• WORK REQUEST:
What you return must match the listing below character for character, minus any pictures.

+++ GIVEN MATERIAL

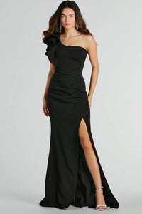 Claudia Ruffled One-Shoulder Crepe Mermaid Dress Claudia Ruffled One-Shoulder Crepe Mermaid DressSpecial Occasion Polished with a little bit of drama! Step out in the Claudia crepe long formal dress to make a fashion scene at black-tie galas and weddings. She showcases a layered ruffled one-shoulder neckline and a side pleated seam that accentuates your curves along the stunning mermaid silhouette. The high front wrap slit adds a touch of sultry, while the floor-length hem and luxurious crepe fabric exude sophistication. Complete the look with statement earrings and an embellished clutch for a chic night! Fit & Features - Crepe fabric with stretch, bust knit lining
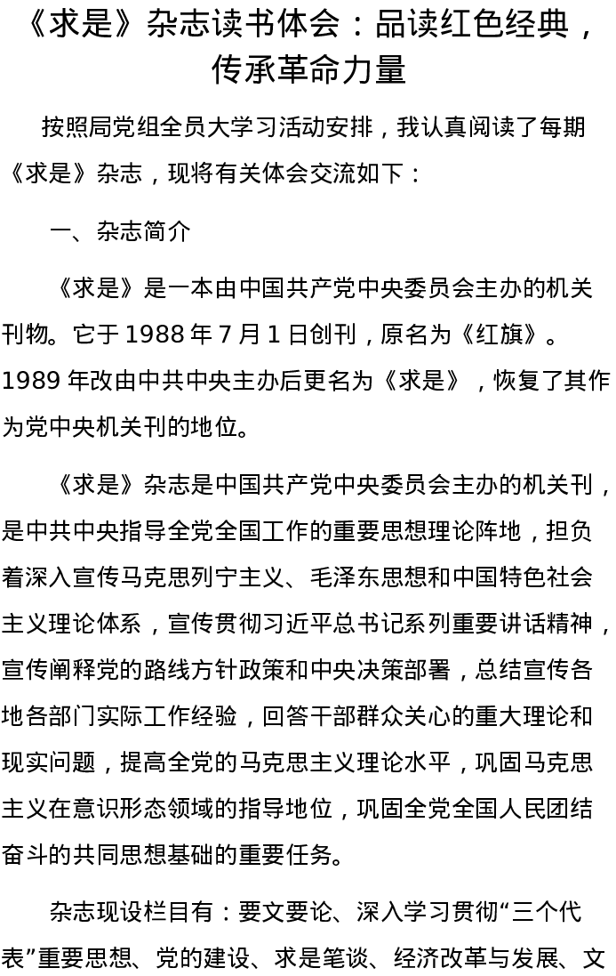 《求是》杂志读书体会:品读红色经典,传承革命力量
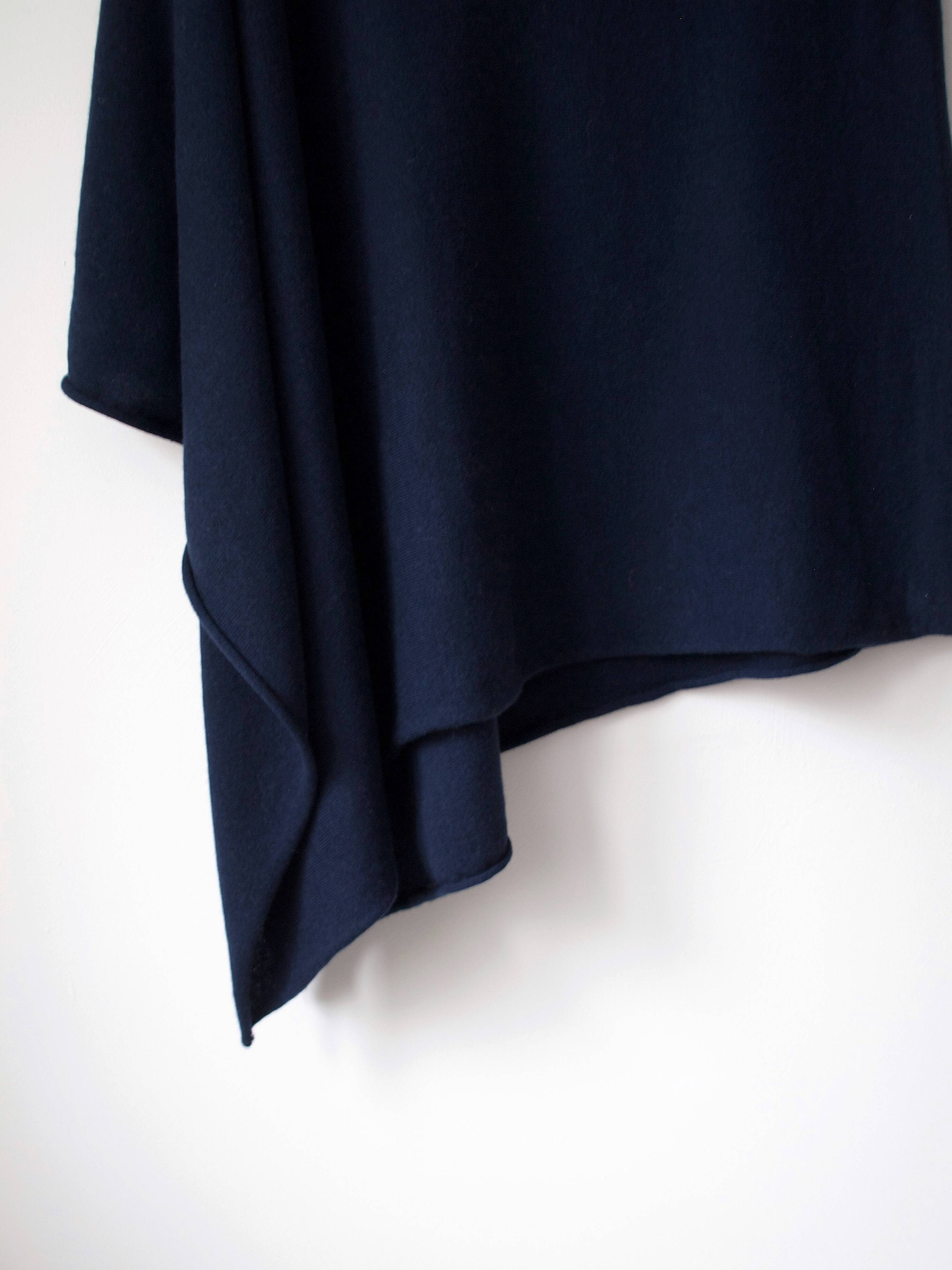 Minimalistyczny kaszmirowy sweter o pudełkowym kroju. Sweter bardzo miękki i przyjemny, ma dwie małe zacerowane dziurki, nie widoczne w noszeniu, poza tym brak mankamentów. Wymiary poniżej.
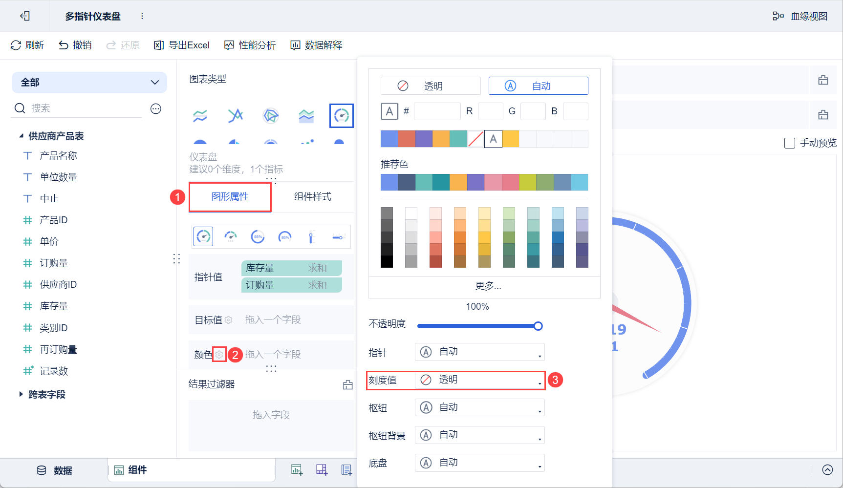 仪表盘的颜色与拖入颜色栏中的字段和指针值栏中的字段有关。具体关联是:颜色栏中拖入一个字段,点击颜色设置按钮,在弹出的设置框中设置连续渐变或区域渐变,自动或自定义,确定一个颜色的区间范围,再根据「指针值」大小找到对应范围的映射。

++++++

• THE ANSWER:
 Claudia Ruffled One-Shoulder Crepe Mermaid Dress Claudia Ruffled One-Shoulder Crepe Mermaid DressSpecial Occasion Polished with a little bit of drama! Step out in the Claudia crepe long formal dress to make a fashion scene at black-tie galas and weddings. She showcases a layered ruffled one-shoulder neckline and a side pleated seam that accentuates your curves along the stunning mermaid silhouette. The high front wrap slit adds a touch of sultry, while the floor-length hem and luxurious crepe fabric exude sophistication. Complete the look with statement earrings and an embellished clutch for a chic night! Fit & Features - Crepe fabric with stretch, bust knit lining
 《求是》杂志读书体会:品读红色经典,传承革命力量
 Minimalistyczny kaszmirowy sweter o pudełkowym kroju. Sweter bardzo miękki i przyjemny, ma dwie małe zacerowane dziurki, nie widoczne w noszeniu, poza tym brak mankamentów. Wymiary poniżej.
 仪表盘的颜色与拖入颜色栏中的字段和指针值栏中的字段有关。具体关联是:颜色栏中拖入一个字段,点击颜色设置按钮,在弹出的设置框中设置连续渐变或区域渐变,自动或自定义,确定一个颜色的区间范围,再根据「指针值」大小找到对应范围的映射。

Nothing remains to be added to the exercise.